Required work: Every line from the one with "Dotykový oblouk a" up to and including the one with "База под раковину" is to be output exactly as it appears below; pictures are not.

Data extract:
'''

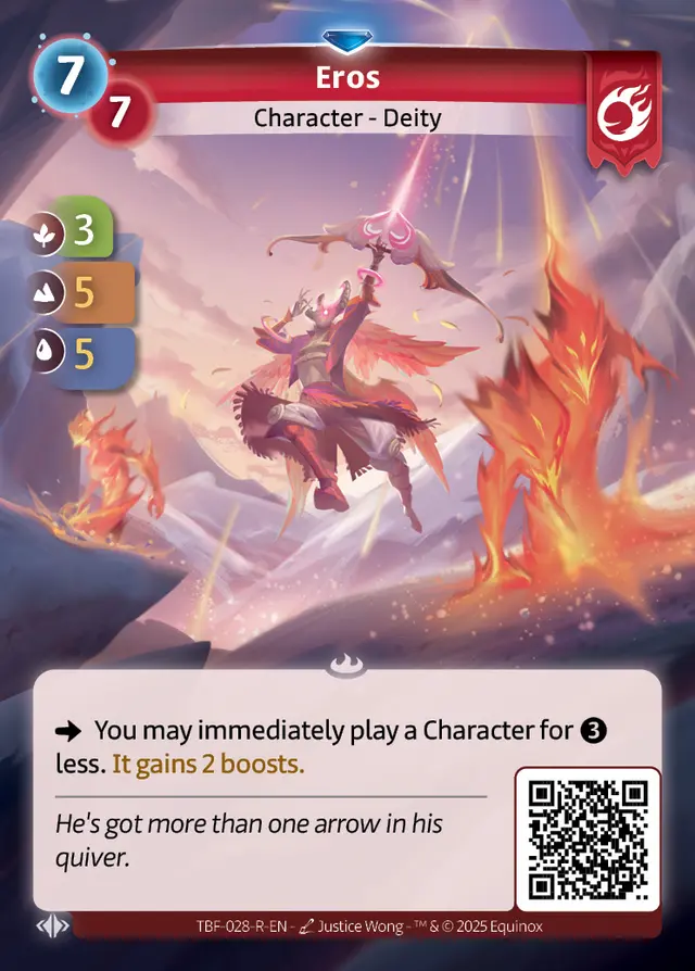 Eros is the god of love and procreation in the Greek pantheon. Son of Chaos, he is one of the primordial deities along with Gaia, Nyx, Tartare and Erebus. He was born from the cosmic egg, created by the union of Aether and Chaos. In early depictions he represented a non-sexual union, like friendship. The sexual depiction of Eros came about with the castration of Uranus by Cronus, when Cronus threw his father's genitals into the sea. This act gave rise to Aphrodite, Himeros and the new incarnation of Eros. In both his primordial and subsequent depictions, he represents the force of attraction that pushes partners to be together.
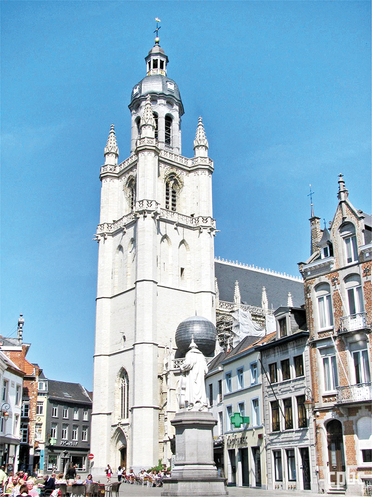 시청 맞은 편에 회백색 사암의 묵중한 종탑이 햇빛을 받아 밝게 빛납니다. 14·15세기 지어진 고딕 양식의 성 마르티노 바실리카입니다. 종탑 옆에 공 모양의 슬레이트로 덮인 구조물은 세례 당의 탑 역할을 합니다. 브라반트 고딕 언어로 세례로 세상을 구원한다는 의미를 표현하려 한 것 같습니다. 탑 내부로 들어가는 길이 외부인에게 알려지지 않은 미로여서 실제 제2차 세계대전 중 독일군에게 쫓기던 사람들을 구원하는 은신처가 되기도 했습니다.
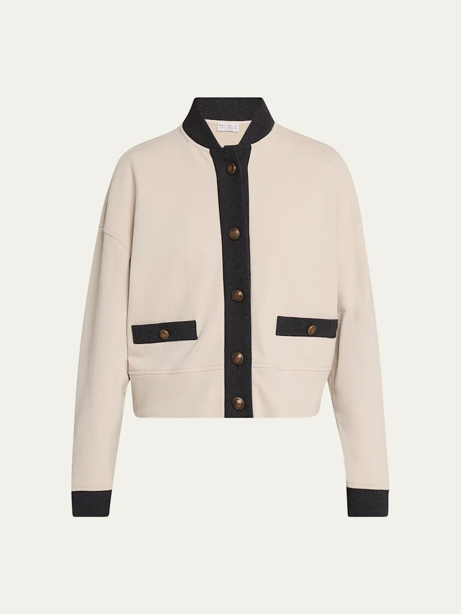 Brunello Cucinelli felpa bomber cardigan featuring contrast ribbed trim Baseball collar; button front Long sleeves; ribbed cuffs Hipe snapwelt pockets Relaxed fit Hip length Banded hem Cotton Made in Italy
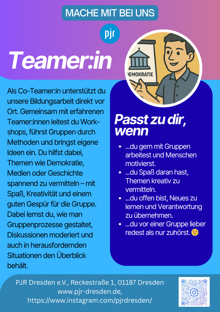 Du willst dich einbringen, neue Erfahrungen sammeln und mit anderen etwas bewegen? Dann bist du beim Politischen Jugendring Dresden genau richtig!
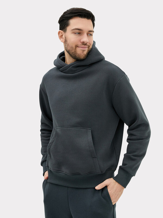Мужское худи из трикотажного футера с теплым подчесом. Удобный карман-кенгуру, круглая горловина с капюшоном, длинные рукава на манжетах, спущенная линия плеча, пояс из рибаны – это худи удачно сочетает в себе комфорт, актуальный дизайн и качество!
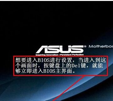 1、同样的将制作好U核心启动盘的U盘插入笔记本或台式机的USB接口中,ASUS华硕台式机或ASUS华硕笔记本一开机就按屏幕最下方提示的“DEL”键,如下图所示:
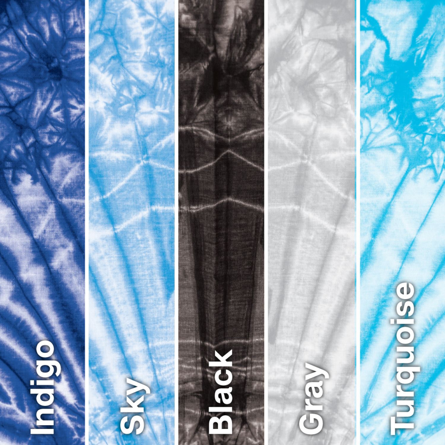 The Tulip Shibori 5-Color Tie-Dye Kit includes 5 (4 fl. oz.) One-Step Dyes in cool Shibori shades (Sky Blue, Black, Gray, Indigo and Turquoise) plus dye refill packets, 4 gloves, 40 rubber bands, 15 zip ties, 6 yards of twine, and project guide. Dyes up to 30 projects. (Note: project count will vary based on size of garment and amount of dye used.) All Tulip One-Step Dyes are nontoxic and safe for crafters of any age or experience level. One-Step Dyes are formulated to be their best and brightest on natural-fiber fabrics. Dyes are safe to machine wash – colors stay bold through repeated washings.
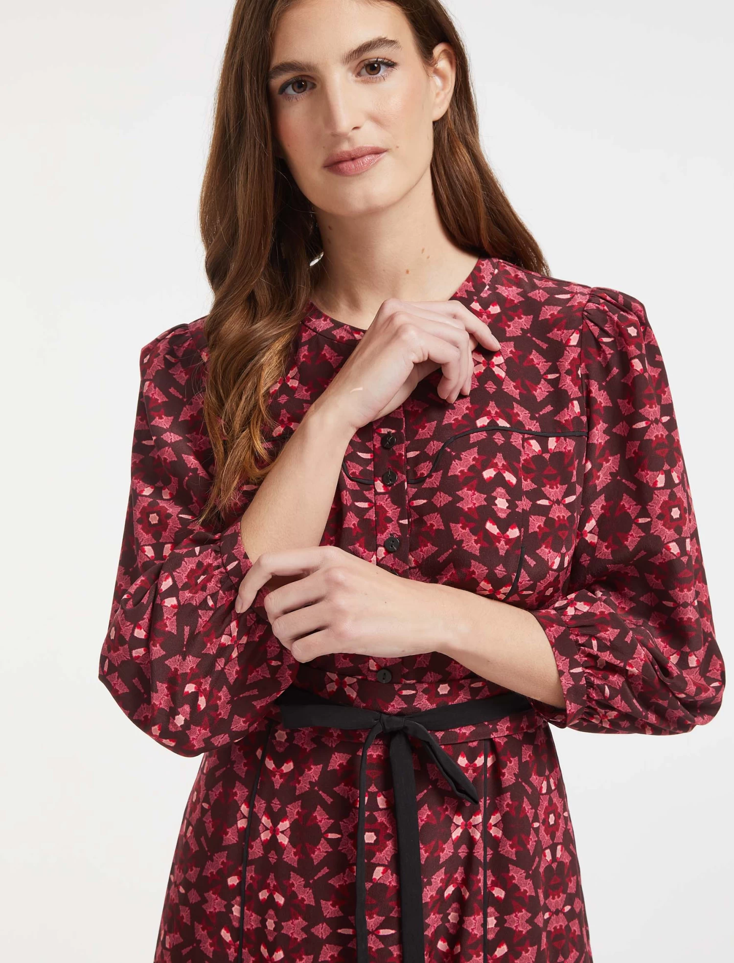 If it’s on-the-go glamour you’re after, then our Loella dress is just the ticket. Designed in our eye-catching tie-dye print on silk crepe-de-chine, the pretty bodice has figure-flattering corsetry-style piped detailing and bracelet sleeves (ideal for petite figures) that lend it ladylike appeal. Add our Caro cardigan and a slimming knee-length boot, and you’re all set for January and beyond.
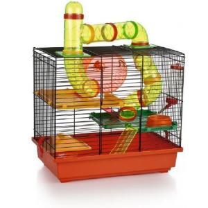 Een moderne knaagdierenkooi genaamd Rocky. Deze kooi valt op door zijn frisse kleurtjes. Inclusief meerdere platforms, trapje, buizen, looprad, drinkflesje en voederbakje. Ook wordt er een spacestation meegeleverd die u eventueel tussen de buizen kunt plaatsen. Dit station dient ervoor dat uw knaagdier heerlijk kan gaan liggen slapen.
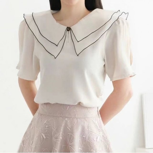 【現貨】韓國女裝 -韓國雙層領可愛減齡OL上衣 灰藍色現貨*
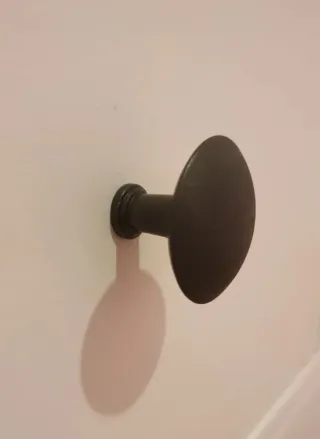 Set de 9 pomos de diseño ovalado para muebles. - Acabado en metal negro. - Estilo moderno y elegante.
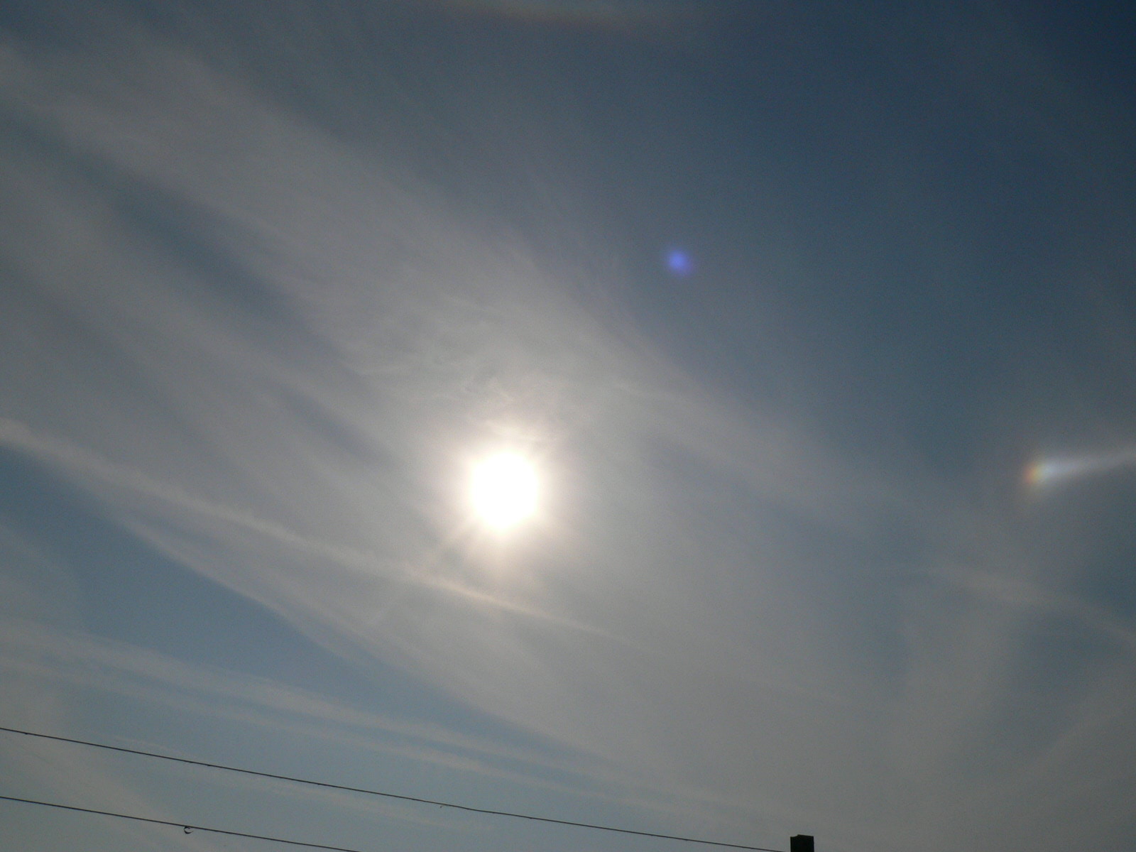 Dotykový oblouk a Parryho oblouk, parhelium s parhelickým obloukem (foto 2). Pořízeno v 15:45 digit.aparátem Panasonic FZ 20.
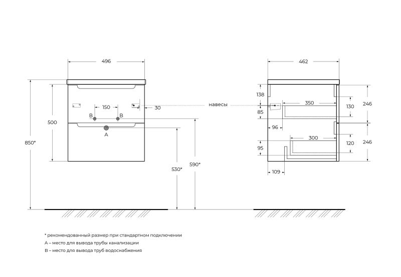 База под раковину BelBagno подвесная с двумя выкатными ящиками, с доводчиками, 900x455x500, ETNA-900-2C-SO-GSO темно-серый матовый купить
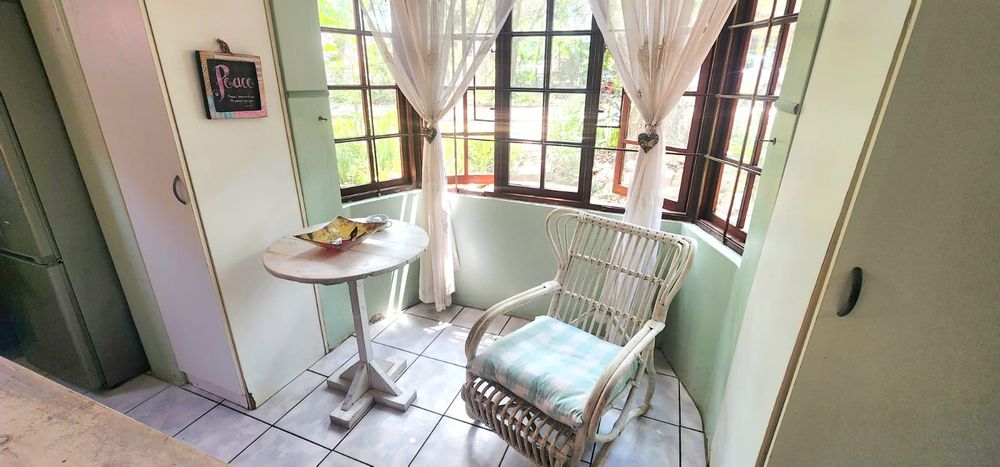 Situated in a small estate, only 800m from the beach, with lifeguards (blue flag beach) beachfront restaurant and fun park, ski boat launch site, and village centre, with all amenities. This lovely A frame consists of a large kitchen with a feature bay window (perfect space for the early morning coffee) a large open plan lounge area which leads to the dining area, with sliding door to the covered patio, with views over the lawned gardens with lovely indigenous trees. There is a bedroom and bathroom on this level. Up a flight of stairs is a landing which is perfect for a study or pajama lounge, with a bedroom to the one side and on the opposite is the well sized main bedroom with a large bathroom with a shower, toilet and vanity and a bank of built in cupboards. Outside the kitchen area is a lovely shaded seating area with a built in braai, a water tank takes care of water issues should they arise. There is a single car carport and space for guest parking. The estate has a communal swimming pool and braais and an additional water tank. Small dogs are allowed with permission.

'''

Answer section:
 Dotykový oblouk a Parryho oblouk, parhelium s parhelickým obloukem (foto 2). Pořízeno v 15:45 digit.aparátem Panasonic FZ 20.
 База под раковину BelBagno подвесная с двумя выкатными ящиками, с доводчиками, 900x455x500, ETNA-900-2C-SO-GSO темно-серый матовый купить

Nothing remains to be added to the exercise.